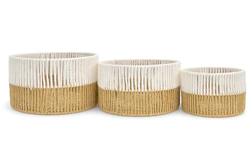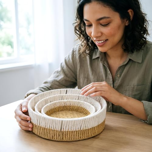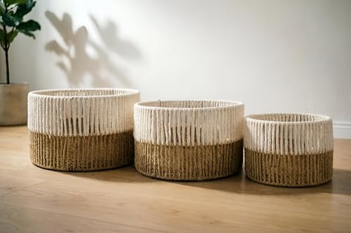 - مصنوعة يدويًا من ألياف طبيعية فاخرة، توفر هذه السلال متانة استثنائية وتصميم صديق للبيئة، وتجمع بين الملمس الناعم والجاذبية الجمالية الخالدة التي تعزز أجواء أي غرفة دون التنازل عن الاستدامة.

==

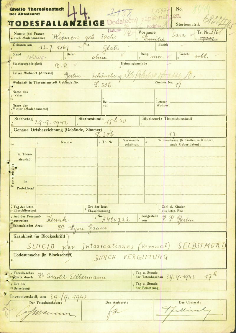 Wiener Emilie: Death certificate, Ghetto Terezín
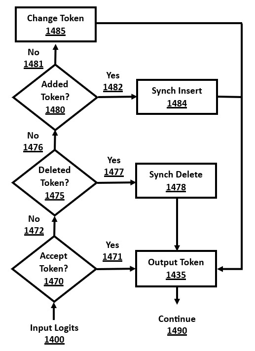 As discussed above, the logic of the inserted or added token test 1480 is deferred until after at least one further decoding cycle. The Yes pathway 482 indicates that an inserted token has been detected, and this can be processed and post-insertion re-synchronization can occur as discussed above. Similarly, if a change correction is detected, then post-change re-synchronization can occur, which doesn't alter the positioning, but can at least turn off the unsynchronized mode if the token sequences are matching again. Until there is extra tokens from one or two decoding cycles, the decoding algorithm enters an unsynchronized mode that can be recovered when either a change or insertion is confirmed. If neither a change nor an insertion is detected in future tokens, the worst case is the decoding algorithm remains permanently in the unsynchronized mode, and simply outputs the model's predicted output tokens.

WHAT THIS TASK INVOLVES - Please set down, exactly and with no pictures, the lines in the entries above starting at the one holding "Wiener Emilie: Death" and ending at the one holding "As discussed above, the", ends included.

THE ANSWER -
 Wiener Emilie: Death certificate, Ghetto Terezín
 As discussed above, the logic of the inserted or added token test 1480 is deferred until after at least one further decoding cycle. The Yes pathway 482 indicates that an inserted token has been detected, and this can be processed and post-insertion re-synchronization can occur as discussed above. Similarly, if a change correction is detected, then post-change re-synchronization can occur, which doesn't alter the positioning, but can at least turn off the unsynchronized mode if the token sequences are matching again. Until there is extra tokens from one or two decoding cycles, the decoding algorithm enters an unsynchronized mode that can be recovered when either a change or insertion is confirmed. If neither a change nor an insertion is detected in future tokens, the worst case is the decoding algorithm remains permanently in the unsynchronized mode, and simply outputs the model's predicted output tokens.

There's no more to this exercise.